Red Hat’s DevNation conference in San Francisco kicked off this morning with the release of JBoss Enterprise Application Platform 7. This new version of the application server and its supporting environments brings improvements to how Enterprise JavaBeans are handled, a new web server known as Undertow, and full support for the Java EE 7 standards.

The news of the JBoss 7 and JBoss EAP 7 release comes 10 years after the initial acquisition of JBoss by Red Hat. Craig Muzilla, senior vice president of the application platform group at Red Hat, wrote about the acquisition as a key part of the growth of the company over the past decade.

“We closed the JBoss acquisition, Red Hat’s second-largest acquisition to date, 10 years ago this month. At first, our only product was a Java application server. But since that time, we have built the world’s most comprehensive open-source application development and middleware product portfolio, giving developers the tools they need to create, integrate, deploy and manage enterprise applications,” he wrote.

“The technology that was at the core of the JBoss acquisition remains to this day as one of the foundational elements of the Red Hat JBoss Middleware portfolio, which today celebrates a milestone in and of itself with the launch of JBoss Enterprise Application Platform 7, giving Java software developers an on-ramp to cloud-native computing and OpenShift.”

Sacha Labourey, CEO and founder of CloudBees, said, “It is exciting to see the direction Red Hat is taking JBoss.

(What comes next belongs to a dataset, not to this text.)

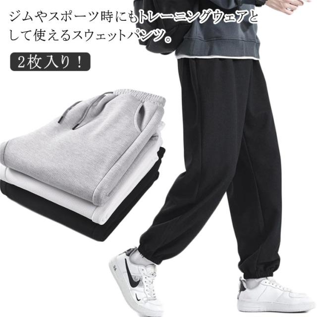 メンズ 春 ワッフル 無地 メンズ スウェットパンツ パンツ ワッフル 夏 2枚入り ジャージパンツ レディース ルームウェア ペア パジャマ アウトドア 下 秋 冬 服 ゆったり カジュアル スポーツ 部屋着 ズボン ロングパンツ 黒 白 グレー
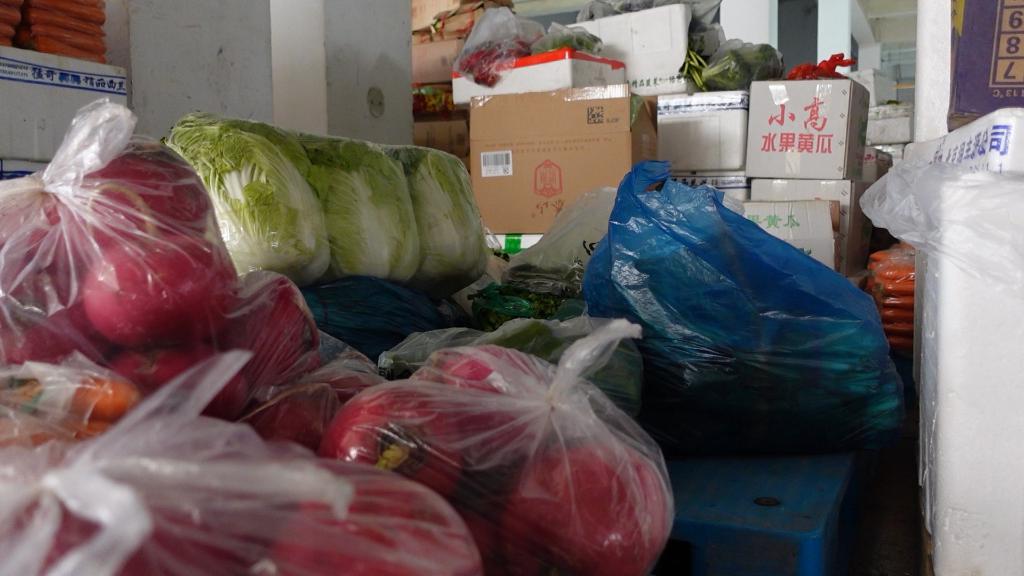 沈陽副食集團廚房速遞庫房內,團購配送的蔬菜等待被送往企事業單位的食堂。新華社記者 張琦汝 攝

With JBoss EAP 7, IT teams are empowered to adopt modern technologies and architectures. As a Red Hat partner, we are pleased to see JBoss evolve in this way. Organizations can now further embrace JBoss as a de facto middleware standard, benefit from a more cost-efficient platform, and support their transformative IT initiatives, such as DevOps, cloud and Continuous Delivery. JBoss EAP 7 is a win for Red Hat, CloudBees and our mutual customers.”

JBoss EAP 7 includes both additions and subtractions. PicketLink modules have been deprecated (though JBoss still supports PicketLink Federation), but the platform’s release notes indicated that all PicketLink modules may be completely removed from future releases. This, however, is because PicketLink Federation support has received its own subsystem within the platform.

JAX-RPC is no longer supported in this release, with JAX-WS being the favored method of remote functions being called. Many supports within the platform were removed, particularly those targeting specific features in external applications like Apache Web Server and ActiveMQ.

(Related: Red Hat updates Software Collections and Developer Toolset)

The actual platform additions, however, outweighed the removals and deprecations. Enterprise JavaBeans support received interoperability and compatibility fixes within the platform. Remote EJB calls between JBoss EAP 7 and JBoss EAP 5 are now possible with CORBA, for example.

The JBoss EAP 7 management command-line interface is now available even when a server is offline. The CLI can embed the server and launch it directly in admin-only mode, removing the need to spin up a new instance within functioning infrastructure.

The new Undertow web server replaces the JBoss web server, which was previously used to handle HTTP requests and sessions. Undertow is designed for maximum scalability and throughput, and can handle environments that sustain more than a million connections at once. Using Undertow, JBoss can be configured to function as a multi-platform load balancer.

Finally, JBoss EAP 7 is the first release of the platform to fully support all of the Java EE 7 standards, including the Web Profile version.